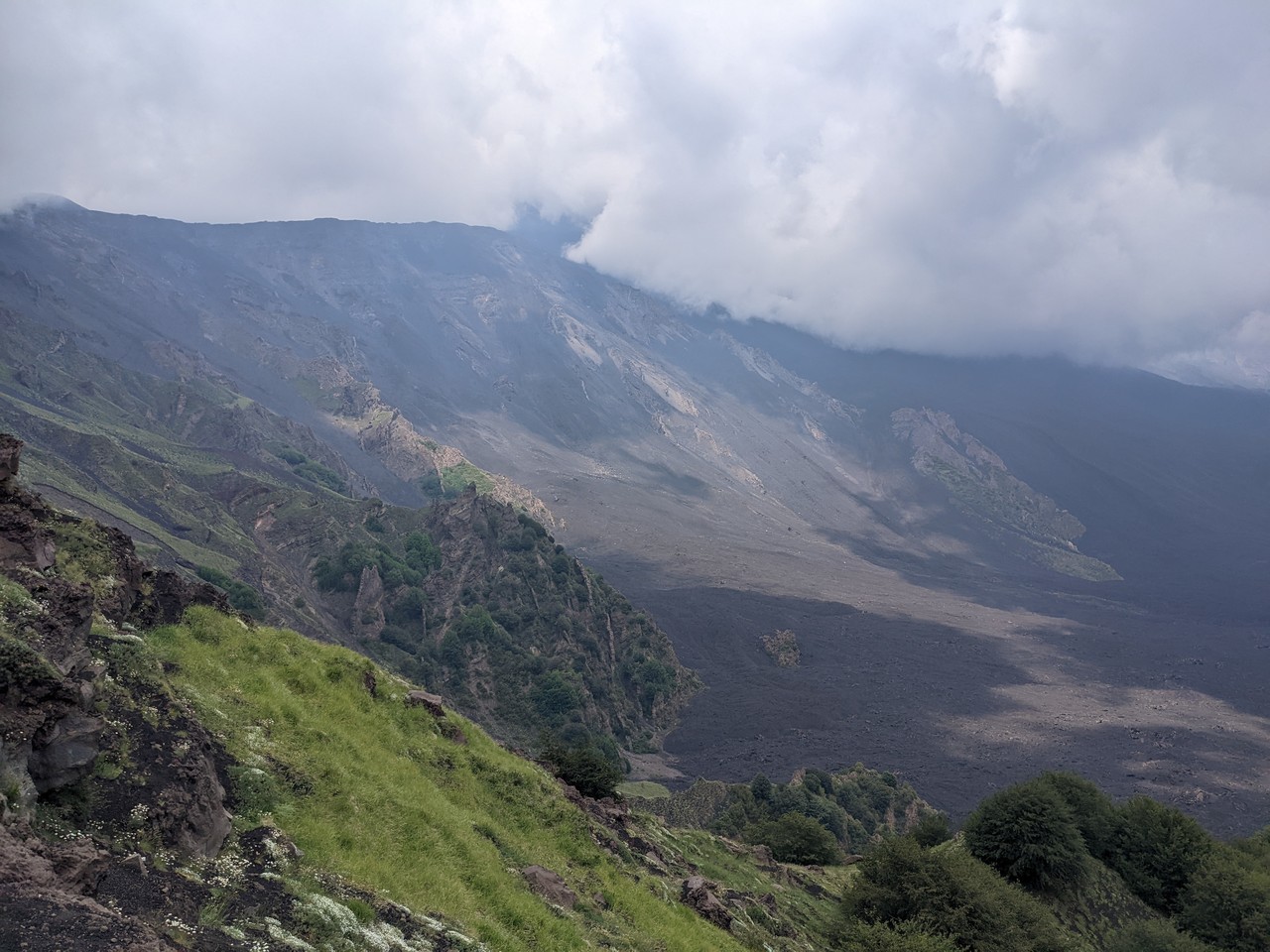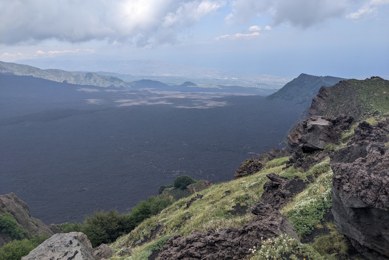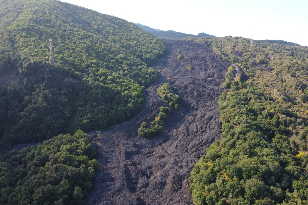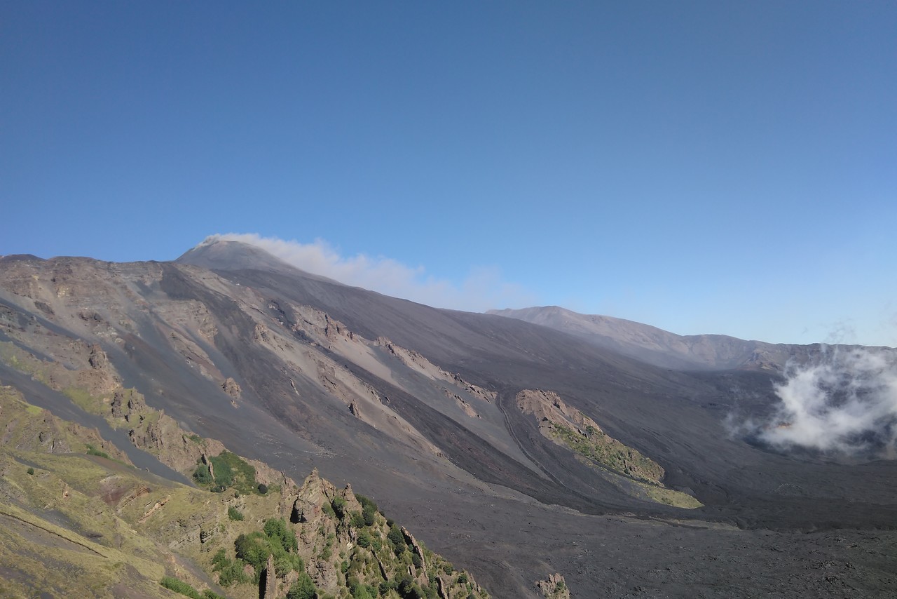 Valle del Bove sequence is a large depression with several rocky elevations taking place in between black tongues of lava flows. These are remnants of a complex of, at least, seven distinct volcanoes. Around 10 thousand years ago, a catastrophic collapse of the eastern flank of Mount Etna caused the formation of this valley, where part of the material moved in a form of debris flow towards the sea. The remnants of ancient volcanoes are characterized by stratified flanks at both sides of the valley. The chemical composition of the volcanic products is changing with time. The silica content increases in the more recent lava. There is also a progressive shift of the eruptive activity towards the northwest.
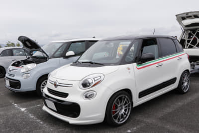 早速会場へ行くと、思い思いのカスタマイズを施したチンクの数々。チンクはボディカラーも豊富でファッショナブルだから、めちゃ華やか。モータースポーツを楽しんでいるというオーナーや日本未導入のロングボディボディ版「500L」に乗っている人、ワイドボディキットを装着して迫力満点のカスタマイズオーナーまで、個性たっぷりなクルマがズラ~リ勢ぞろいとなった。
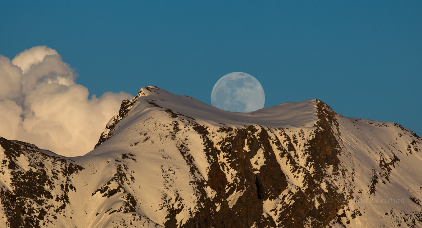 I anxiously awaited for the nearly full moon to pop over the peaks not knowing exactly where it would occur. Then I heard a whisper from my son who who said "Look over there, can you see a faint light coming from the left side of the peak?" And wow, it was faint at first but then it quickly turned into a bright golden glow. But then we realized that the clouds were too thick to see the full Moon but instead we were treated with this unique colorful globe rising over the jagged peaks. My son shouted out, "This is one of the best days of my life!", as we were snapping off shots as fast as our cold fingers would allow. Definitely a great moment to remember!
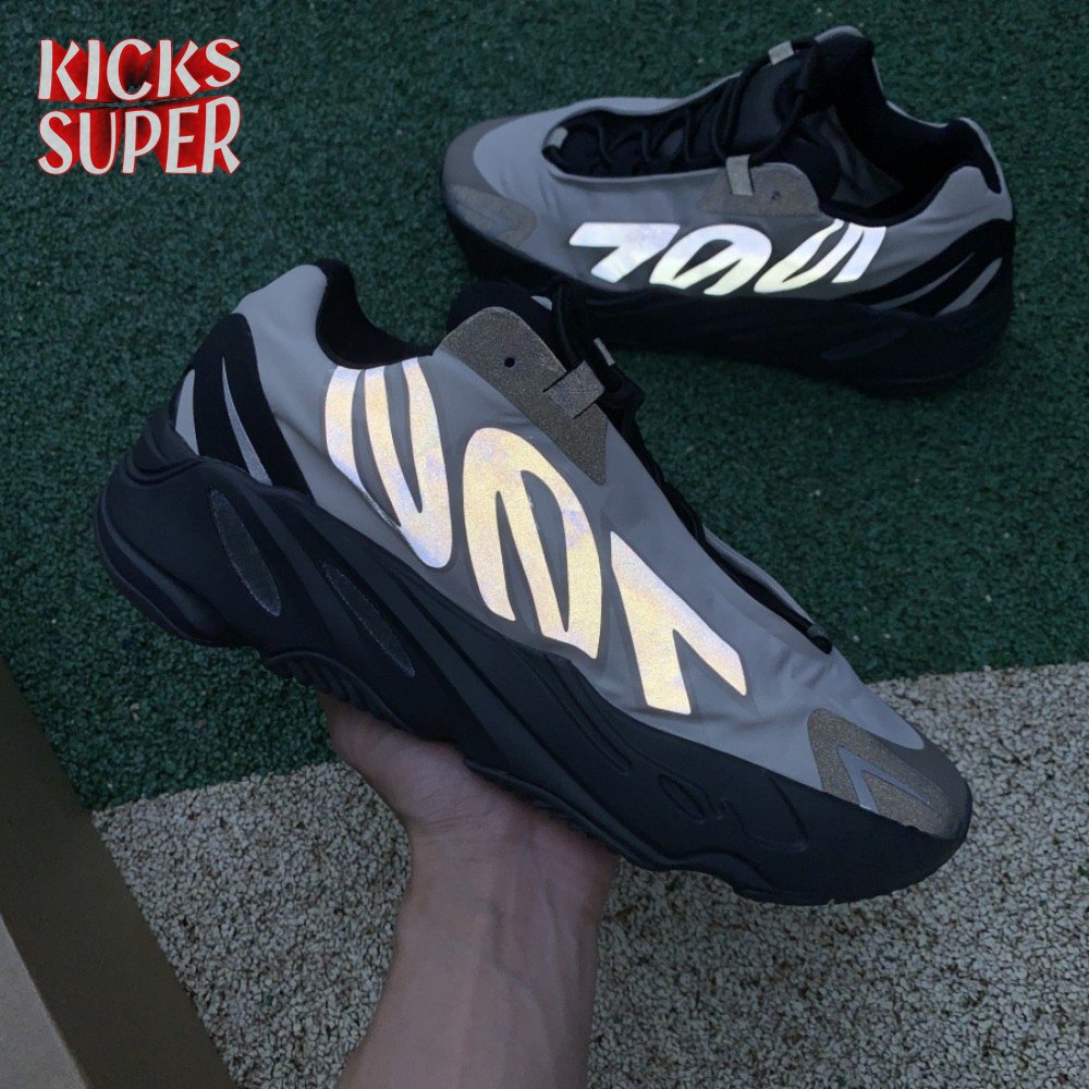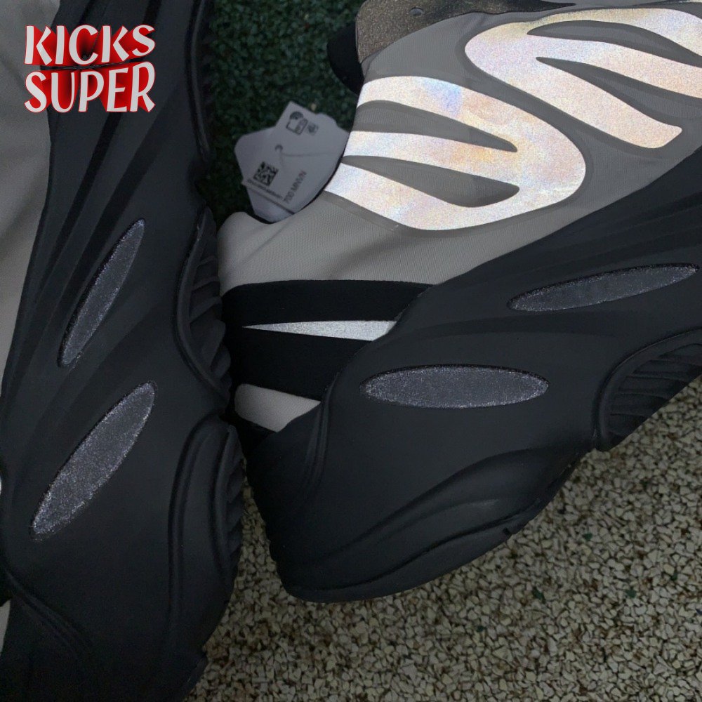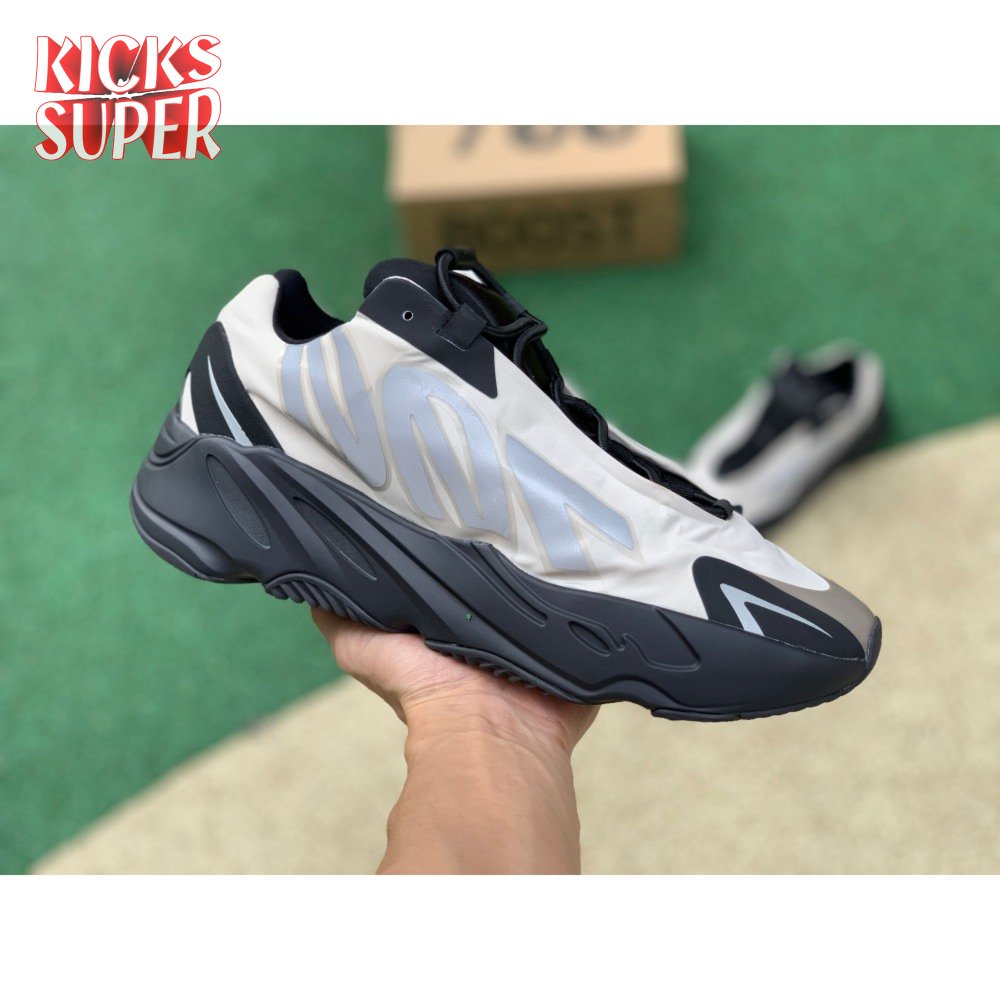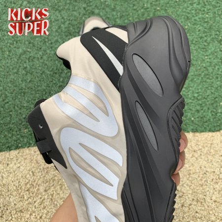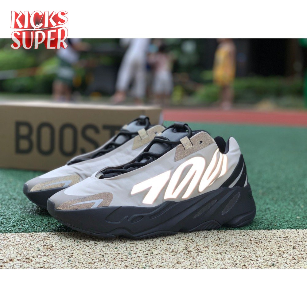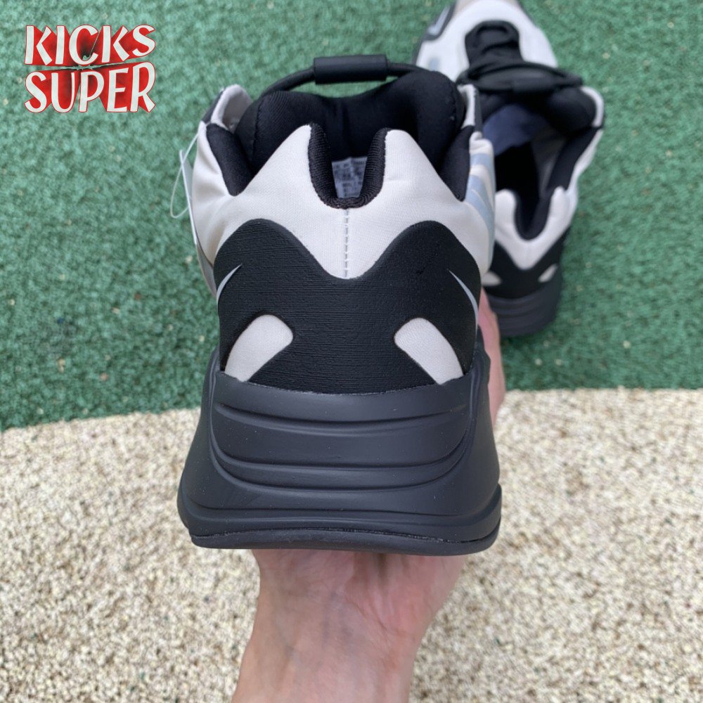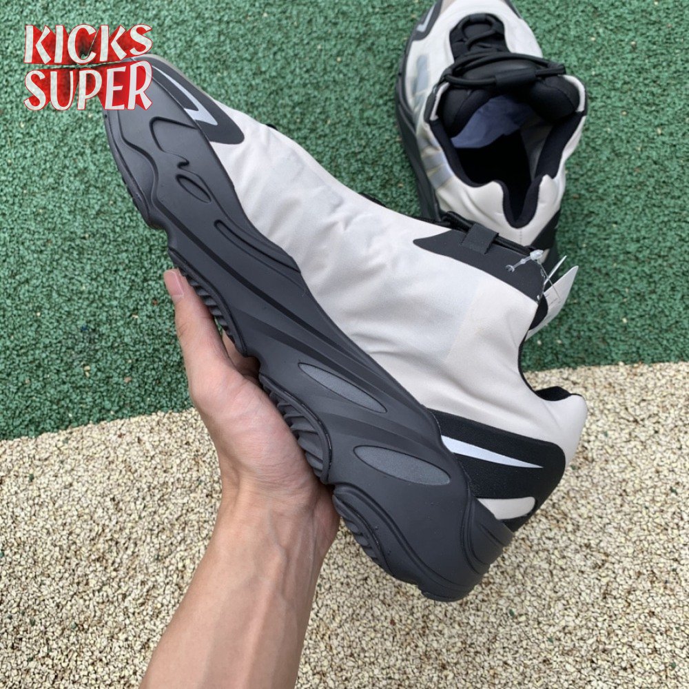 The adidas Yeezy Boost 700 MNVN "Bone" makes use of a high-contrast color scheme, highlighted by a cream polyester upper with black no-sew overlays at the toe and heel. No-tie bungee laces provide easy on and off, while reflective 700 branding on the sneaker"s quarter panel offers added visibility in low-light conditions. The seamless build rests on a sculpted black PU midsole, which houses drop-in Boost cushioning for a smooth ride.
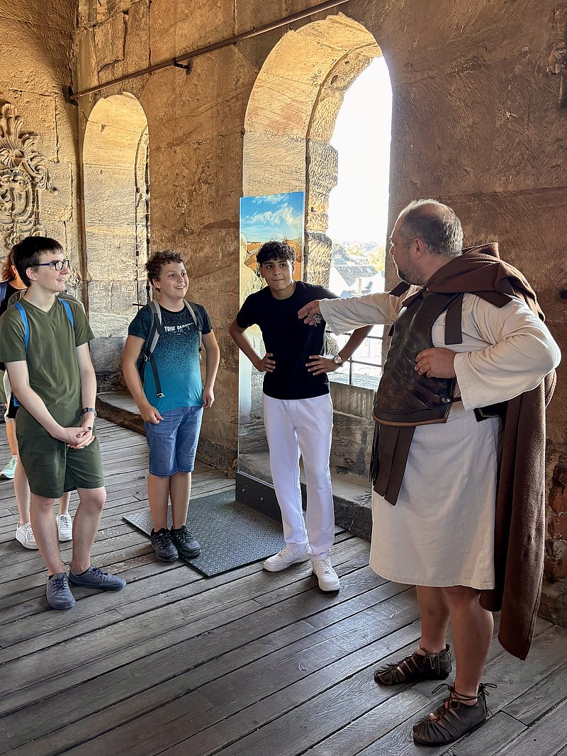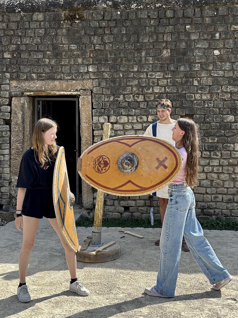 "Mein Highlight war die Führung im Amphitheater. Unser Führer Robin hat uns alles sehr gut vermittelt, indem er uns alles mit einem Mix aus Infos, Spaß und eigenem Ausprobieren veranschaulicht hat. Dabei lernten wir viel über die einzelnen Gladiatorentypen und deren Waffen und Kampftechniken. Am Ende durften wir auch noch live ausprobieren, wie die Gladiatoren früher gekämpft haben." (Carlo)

Directions | Omit the pictures, then quote the rest of the material above exactly.

Answer box |
 Valle del Bove sequence is a large depression with several rocky elevations taking place in between black tongues of lava flows. These are remnants of a complex of, at least, seven distinct volcanoes. Around 10 thousand years ago, a catastrophic collapse of the eastern flank of Mount Etna caused the formation of this valley, where part of the material moved in a form of debris flow towards the sea. The remnants of ancient volcanoes are characterized by stratified flanks at both sides of the valley. The chemical composition of the volcanic products is changing with time. The silica content increases in the more recent lava. There is also a progressive shift of the eruptive activity towards the northwest.
 早速会場へ行くと、思い思いのカスタマイズを施したチンクの数々。チンクはボディカラーも豊富でファッショナブルだから、めちゃ華やか。モータースポーツを楽しんでいるというオーナーや日本未導入のロングボディボディ版「500L」に乗っている人、ワイドボディキットを装着して迫力満点のカスタマイズオーナーまで、個性たっぷりなクルマがズラ~リ勢ぞろいとなった。
 I anxiously awaited for the nearly full moon to pop over the peaks not knowing exactly where it would occur. Then I heard a whisper from my son who who said "Look over there, can you see a faint light coming from the left side of the peak?" And wow, it was faint at first but then it quickly turned into a bright golden glow. But then we realized that the clouds were too thick to see the full Moon but instead we were treated with this unique colorful globe rising over the jagged peaks. My son shouted out, "This is one of the best days of my life!", as we were snapping off shots as fast as our cold fingers would allow. Definitely a great moment to remember!
 The adidas Yeezy Boost 700 MNVN "Bone" makes use of a high-contrast color scheme, highlighted by a cream polyester upper with black no-sew overlays at the toe and heel. No-tie bungee laces provide easy on and off, while reflective 700 branding on the sneaker"s quarter panel offers added visibility in low-light conditions. The seamless build rests on a sculpted black PU midsole, which houses drop-in Boost cushioning for a smooth ride.
 "Mein Highlight war die Führung im Amphitheater. Unser Führer Robin hat uns alles sehr gut vermittelt, indem er uns alles mit einem Mix aus Infos, Spaß und eigenem Ausprobieren veranschaulicht hat. Dabei lernten wir viel über die einzelnen Gladiatorentypen und deren Waffen und Kampftechniken. Am Ende durften wir auch noch live ausprobieren, wie die Gladiatoren früher gekämpft haben." (Carlo)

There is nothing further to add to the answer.